As is clear from the above description, according to the joining method for the ink jet printer recording head of claims 1 and 2, an epoxy resin and an alicyclic ring are used as an adhesive for the head member of the ink jet printer. Water resistance and heat resistance are enhanced by using a two-part epoxy adhesive consisting of a group amine-based curing agent or an aromatic amine-based curing agent, and even if the adhesive comes into contact with ink after joining the parts, it peels off. The long-term durability is greatly extended. Further, according to the joining method of claims 3, 4, and 5, in addition to the above effects, since room temperature curing is possible, stress during curing is relaxed, and long-term durability is further extended, The load bearing capacity is increased, and the reliability is improved.

[Brief description of drawings]

FIG. 1 is a perspective view showing a schematic structure of an inkjet printer recording head to which the present invention is applied.

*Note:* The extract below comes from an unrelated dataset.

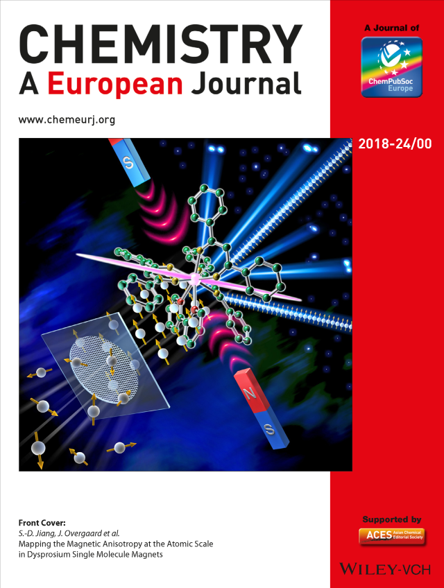但是這種單晶磁化率測試的手段具有明顯的局限性,只適用于極個別的對稱性情況,對于分子與晶體的各向異性軸不重合的情況下,無法嚴(yán)格確定分子磁軸取向(Chem.-Eur. J., 2013, 19, 13726)。為解決此問題,蔣尚達(dá)與丹麥Aarhus大學(xué)的Jacob Overgaard博士等合作,采用極化中子衍射(Polarized Neutron Diffraction)的方法,解決了任意空間群中低對稱性磁性離子的磁軸取向測定問題,該工作以封面文章的形式發(fā)表在《歐洲化學(xué)》雜志上,并被選為VIP文章(Chem.-Eur. J., 2018, 24, 16576)。

FIG. 2 is an enlarged cross-sectional view of a joint portion of the recording head of FIG.

[Explanation of symbols]

 1 Ink flow channel plate 2 Piezoelectric element 3 Partition film 4 Nozzle film 5 Glass plate 6 Protective plate 7 Substrate

Claims (5)

[Claims] 1. A PES (polyether sulfone) film or a PEN (polyethylene naphthalate) film is used for a nozzle film as a material of a head part of an ink jet printer, and an ink flow path plate is a PPS (polyphenylene sulfide) resin and a piezoelectric element PZT. When an aramid (aromatic polyamide) film is used as the partition wall film with the above, these members are bonded by curing with a two-component epoxy adhesive consisting of an epoxy resin and an alicyclic amine-based or aromatic amine-based curing agent. A joining method characterized by the above. 2. The joining according to claim 1, wherein the main component of the two-component epoxy adhesive is any one of bisphenol A epoxy resin, bisphenol F resin, and bisphenol Z resin. Method. 3. The curing agent for the two-part epoxy adhesive is alicyclic amine and salicylic acid, alicyclic amine and p-toluenesulfonic acid, alicyclic amine and 2-ethylhexanoic acid,
The joining method according to claim 1, wherein the joining method comprises one of an alicyclic amine and cresol, an alicyclic amine and carboxylic acid, and an alicyclic amine and isopropylphenol. 4. The curing agent for the two-component epoxy adhesive comprises any one of an aromatic amine and salicylic acid, an aromatic amine and p-toluenesulfonic acid, and an aromatic amine and 2-ethylhexanoic acid. The joining method according to claim 1, which is characterized in that. 5. The amount of salicylic acid, p-toluenesulfonic acid, 2-ethylhexanoic acid, cresol, carboxylic acid, or isopropylphenol added is 0.5 to 10 wt% with respect to the alicyclic amine or aromatic amine. The joining method according to claim 3 or 4, which is characterized in that.